> _Task objective_: The data below should be printed in full, exactly, and without any of its images.

> _Data extracts_:
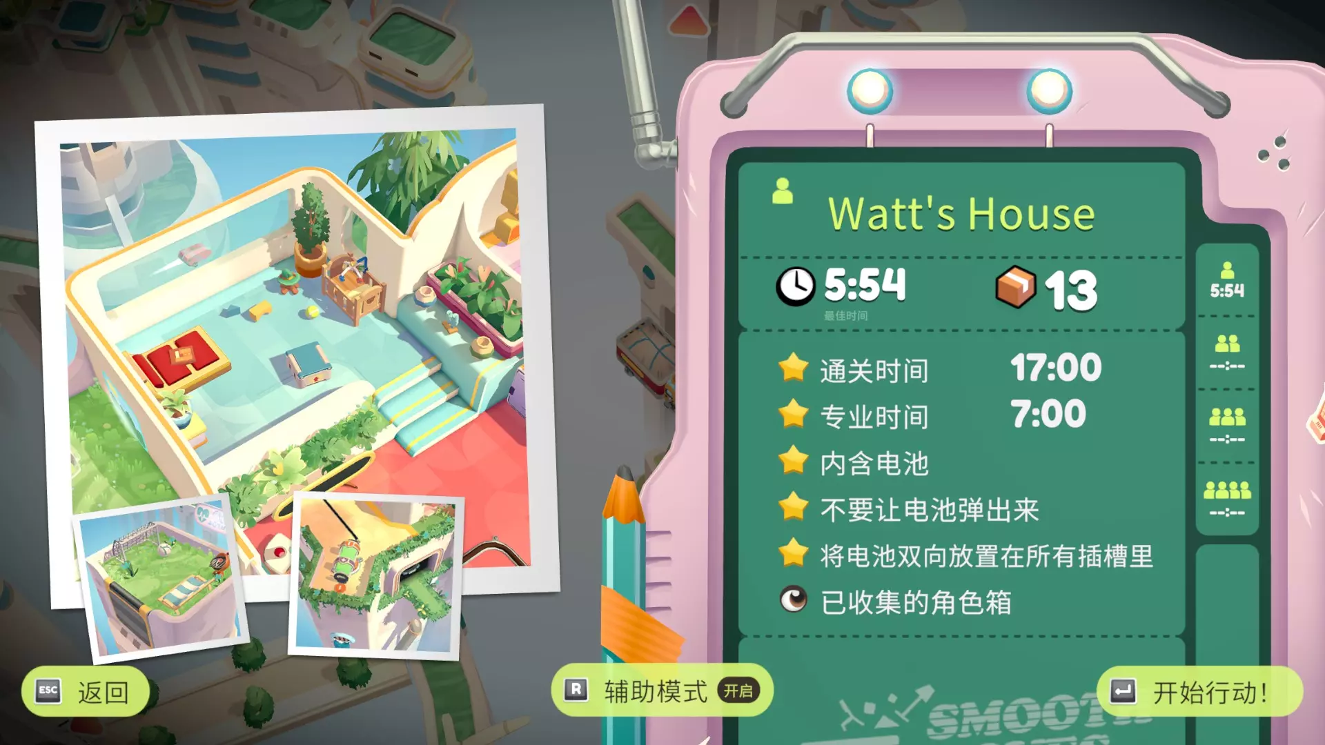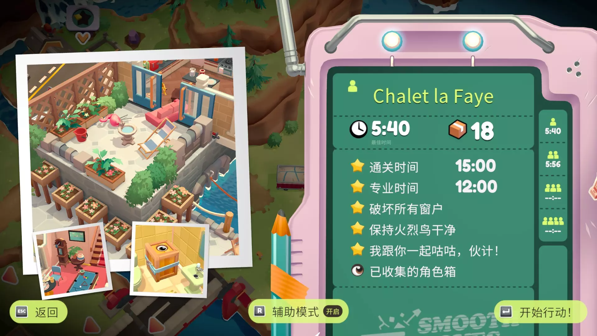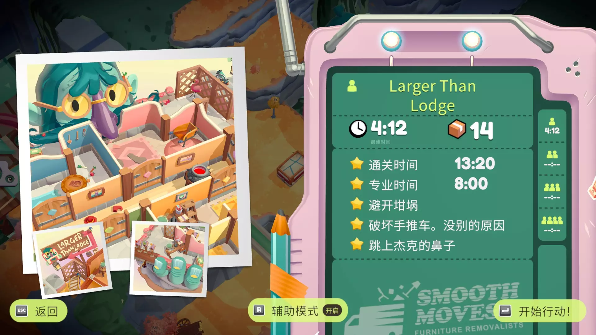 今天发现整个游戏有且只有一篇英文成就指南(震惊) 因为游戏翻译问题有的挑战看起来很有迷惑性,想看简中的可以参考一下这篇,大部分挑战是帖主单人做的所以开了辅助模式,挑战时间比较宽松,关卡顺序不一定准,仅供参考,有误可留言基本都会看 部分挑战达成条件参考来源:【B站up活跃度低的屠夫】 小tips:挑战可以分次完成 序章·达包镇 Billie's Bungalow
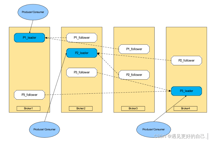 - 每个分区都有一个首领副本。为了保证一致性,所有生产者请求和消费者请求都会经过这个副本。
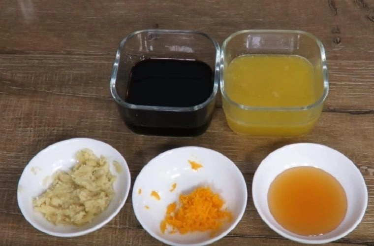 Dubenyje sumaišykite apelsinų sultis, sojos padažą, apelsino žievelę, 1 šaukštą medaus ir imbierą.
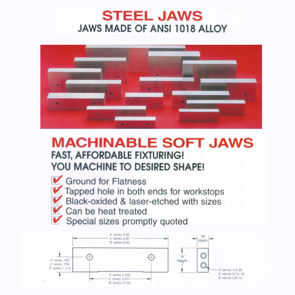 Snap Jaws 6" 2 X 2 MACHINEABLE STEEL Quick Change Vise Jaws for 6" Kurt 6MSJ-2X2
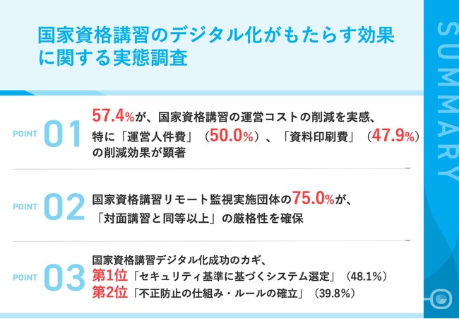 - 01|57.4%が、国家資格講習の運営コストの削減を実感、特に「運営人件費」(50.0%)、「資料印刷費」(47.9%)の削減効果が顕著
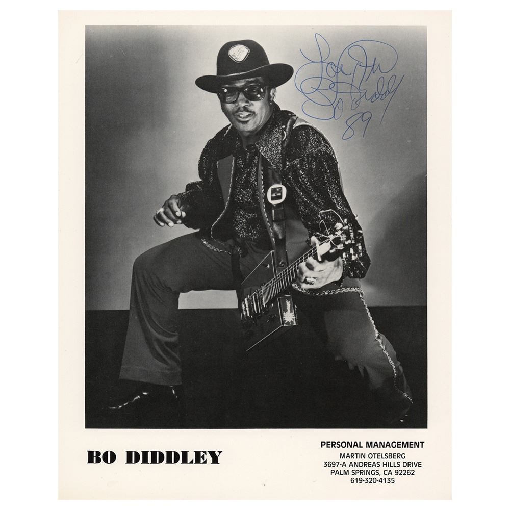 Classic 8 x 10 cardstock photo of Diddley with his trademark rectangular guitar, signed in blue ballpoint, "Love from Bo Diddley, 89." In fine condition, with one surface crease and a light vertical bend.
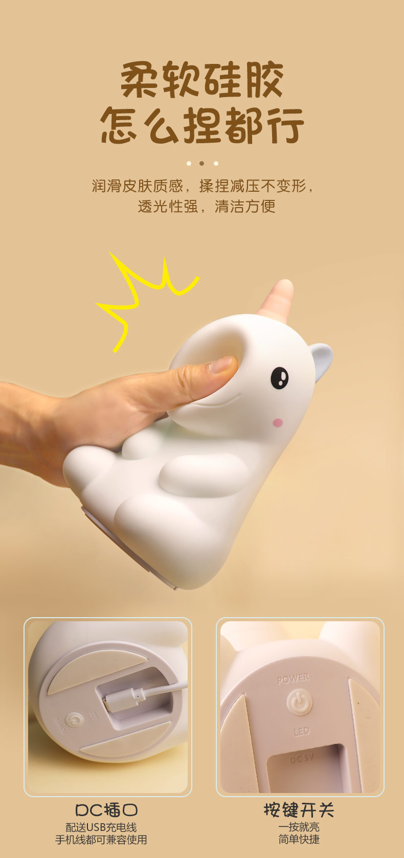 您的位置:首頁 > 產(chǎn)品中心 > 硅膠家居用品 > 拍拍燈 > 獨角獸小夜燈起夜嬰兒喂奶照明小臺燈臥室燈創(chuàng)意燈
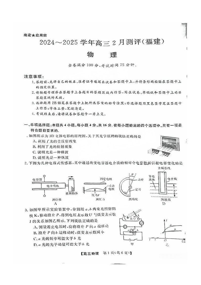 福建省百校联考暨金科大联考2024-2025学年高三二月测评 物理.pdf
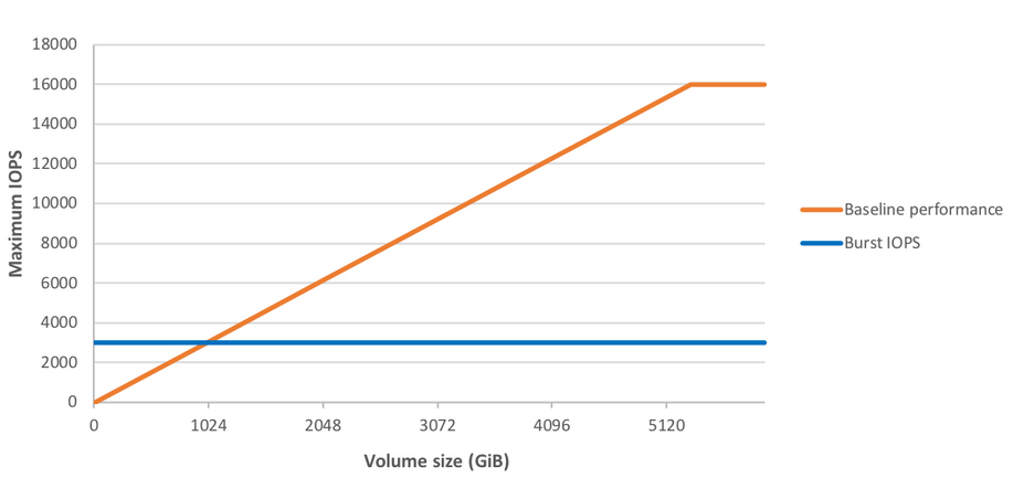 아래는 공식문서의 IOPS그래프인데요. 용량이 커질수록 Maximum IOPS가 커집니다.

> _Answer space_:
 今天发现整个游戏有且只有一篇英文成就指南(震惊) 因为游戏翻译问题有的挑战看起来很有迷惑性,想看简中的可以参考一下这篇,大部分挑战是帖主单人做的所以开了辅助模式,挑战时间比较宽松,关卡顺序不一定准,仅供参考,有误可留言基本都会看 部分挑战达成条件参考来源:【B站up活跃度低的屠夫】 小tips:挑战可以分次完成 序章·达包镇 Billie's Bungalow
 - 每个分区都有一个首领副本。为了保证一致性,所有生产者请求和消费者请求都会经过这个副本。
 Dubenyje sumaišykite apelsinų sultis, sojos padažą, apelsino žievelę, 1 šaukštą medaus ir imbierą.
 Snap Jaws 6" 2 X 2 MACHINEABLE STEEL Quick Change Vise Jaws for 6" Kurt 6MSJ-2X2
 - 01|57.4%が、国家資格講習の運営コストの削減を実感、特に「運営人件費」(50.0%)、「資料印刷費」(47.9%)の削減効果が顕著
 Classic 8 x 10 cardstock photo of Diddley with his trademark rectangular guitar, signed in blue ballpoint, "Love from Bo Diddley, 89." In fine condition, with one surface crease and a light vertical bend.
 您的位置:首頁 > 產(chǎn)品中心 > 硅膠家居用品 > 拍拍燈 > 獨角獸小夜燈起夜嬰兒喂奶照明小臺燈臥室燈創(chuàng)意燈
 福建省百校联考暨金科大联考2024-2025学年高三二月测评 物理.pdf
 아래는 공식문서의 IOPS그래프인데요. 용량이 커질수록 Maximum IOPS가 커집니다.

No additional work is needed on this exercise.